Attach file virusinfo_syscheck.zip contained in folder AVZ \ Log on the forum.

here is the message from the forum i get when attaching the file You cannot upload that type of file. The only allowed extensions are txt,jpg,gif,png,log

Upload it on wikisend.com and post download link here. :wink:

http://wikisend.com/download/698326/virusinfo_syscheck.zip

i have not experienced that the computer is freezing anymore, but internet explorer can not connect to websites.

…and AVZ and other logreprot doesn’t shows the malware in your system. Therefore, I shall remove used tools.

The following will implement some post-cleanup procedures:

=> Please download DelFix by Xplode to your Desktop.

Run the tool and check the following boxes below;
[i]
http://www.mcshield.net/personal/magna86/Images/checkmark.png
Remove disinfection tools

http://www.mcshield.net/personal/magna86/Images/checkmark.png
Create registry backup

http://www.mcshield.net/personal/magna86/Images/checkmark.png
Purge System Restore [/i]
Click Run button and wait a few seconds for the programme completes his work.
At this point all the tools we used here should be gone. Tool will create an report for you (C:[b]DelFix.txt[/b])

The tool will also record healthy state of registry and make a backup using ERUNT program in %windir%\ERUNT\DelFix
Tool deletes old system restore points and create a fresh system restore point after cleaning.

have used delfix now, but do you have a solution to get internet explorer to work?

First, I do not know why do you use IE in Windows when you have Firefox and Chrome browsers but let’s check that anyway. :slight_smile:

Zoek shall attempt to reset IE settings back to default + it shall preform some additional cleaning route. After zoek’s run, tell me is the problem with IE fixed?

Please download zoek.zip or zoek.rar by smeenk (
http://www.mcshield.net/personal/magna86/Images/Zoek_icon.png
) from here or here and save it to your Desktop.
Unpack the archive…

[*]Close any open browsers
[*] Temporarily disable your AntiVirus program. (If necessary)
If you are unsure how to do this please read this or this Instruction.
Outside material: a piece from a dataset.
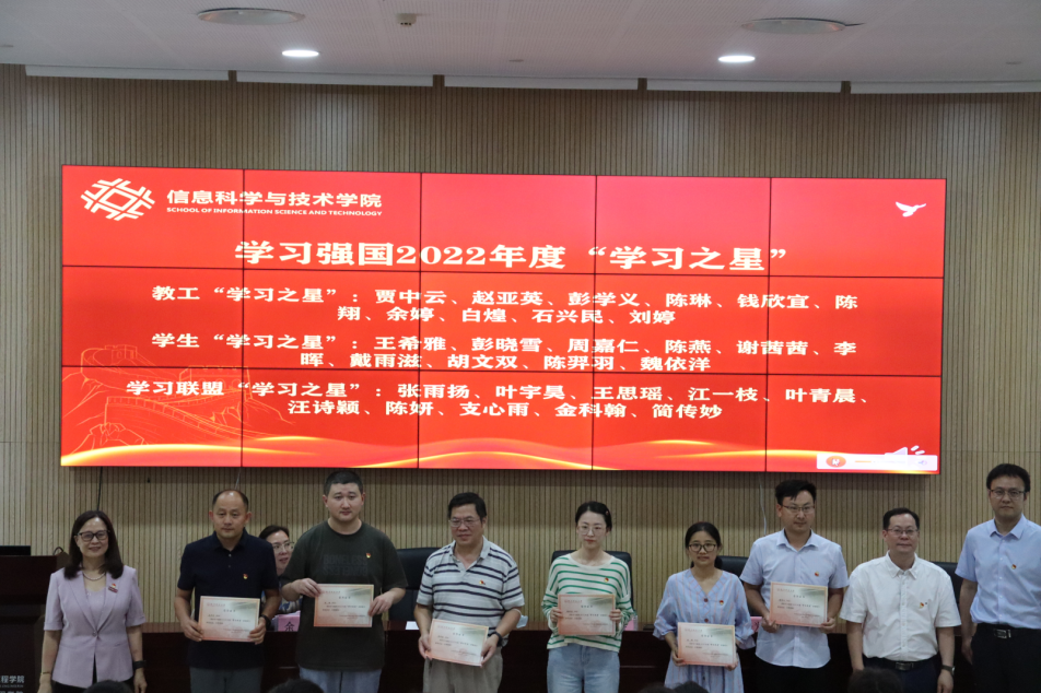 随后,党委委员姚争为副院长宣读了学院党委关于表彰2022年度“学习强国”学习平台先进个人的决定。教工“学习强国”、学生“学习强国”和学习联盟的先进个人代表依次上台领奖。

[*]Double click on zoek.exe to run the tool .
Please wait while the tool does not start…

[*]Copy the text present inside the code box below and paste it into the large window in the zoek tool:

AutoClean;

[*] Click on
http://www.mcshield.net/personal/magna86/Images/Run%20Script%20by%20zoek.png
button.
Please wait until a logreport will open (this can be after reboot)

[*]Save notepad to your Desktop and attach here zoek-results.log
Note: It will also create a log in the C:\ directory named “zoek-results.log

the problem with internet explorer is not fixed. the log is attached.

it seems it is only my startpage wich isnt showing in internet explorer, my startpage is www.google.no ,other sites work. no big deal then, thanks for the help :slight_smile:

Ok. Run DelFix one more time to remove zoek’s files. :wink:

i am scanning with avast now, it has found 4 infections. i will post back when avast is finished scanning.

Hm…weird. The detections could be just the remains, nothing dangerous but post here the results.